The purpose of oxidation is to form a protective film (oxide layer) on the fragile surface of the wafer. The oxide layer can prevent the wafer from being affected by chemical impurities, leakage currents, and etching.
The oxidation process includes thermal oxidation, plasma-enhanced chemical vapor deposition (PECVD), and electrochemical anodic oxidation.
Among these, the most commonly used is thermal oxidation, which forms a thin and uniform layer of silicon dioxide at high temperatures of 800~1200°C.
Depending on the gases used during oxidation, it can be classified into dry oxidation and wet oxidation.
Dry oxidation involves introducing pure oxygen, allowing it to flow over the wafer surface, reacting with silicon to form a silicon dioxide layer. Wet oxidation uses both oxygen and high solubility water vapor.
Dry oxidation is slower but results in a very thin and dense oxide layer. Wet oxidation is faster but results in a relatively thicker and less dense protective layer.

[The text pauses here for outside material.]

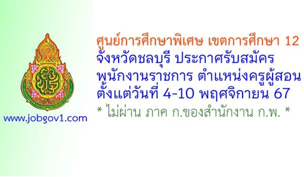 ศูนย์การศึกษาพิเศษ เขตการศึกษา 12 จังหวัดชลบุรี รับสมัครพนักงานราชการทั่วไป ตำแหน่งครูผู้สอน ตั้งแต่วันที่ 4-10 พฤศจิกายน 2567

Currently, dry oxidation is the mainstream technology in semiconductor manufacturing. Wet oxidation is more commonly used for non-critical layers or specific thick film requirements.
█ Photolithography (Coating, Pre-bake, Exposure, Post-bake, Development)

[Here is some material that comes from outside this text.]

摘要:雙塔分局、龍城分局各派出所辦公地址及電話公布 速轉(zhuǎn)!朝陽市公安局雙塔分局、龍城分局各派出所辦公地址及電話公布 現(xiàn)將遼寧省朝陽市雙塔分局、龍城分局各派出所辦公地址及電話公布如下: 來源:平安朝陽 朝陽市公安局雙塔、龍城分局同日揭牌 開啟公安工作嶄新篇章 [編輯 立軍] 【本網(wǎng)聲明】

Next, we finally arrive at the most important step— photolithography.
For the past few years, we have been concerned about the “bottleneck” photolithography machines, which are related to this step.
Photolithography, in simple terms, is like a printing machine that “etches” the chip circuit diagram onto the wafer.
Photolithography can be divided into three main steps: coating, exposure, and development. Let’s look at them one by one.
First, there is coating.
The material used for coating is called photoresist, sometimes also referred to as resist, which is a light-sensitive material.
There are two types of photoresist: positive and negative.
Positive resist, when exposed to a specific light beam, undergoes a change in molecular structure, becoming more soluble. Negative resist, on the other hand, becomes less soluble when exposed. In most cases, positive resist is used.
During coating, the wafer is first spun at a speed of 1000~5000 RPM. Then, a small amount of photoresist is poured onto the center of the wafer. The photoresist spreads across the entire surface of the wafer due to centrifugal force, forming a uniform coating layer that is 1 to 200 microns thick.
Coating
It is worth mentioning that photoresist is also a highly technical material. Most of the photoresist used domestically comes from Japan.
After coating, the wafer undergoes a soft bake to slightly solidify the photoresist. This step is called “pre-bake”.
Next, the photolithography machine comes into play for exposure.
The wafer is placed in the photolithography machine, along with the mask.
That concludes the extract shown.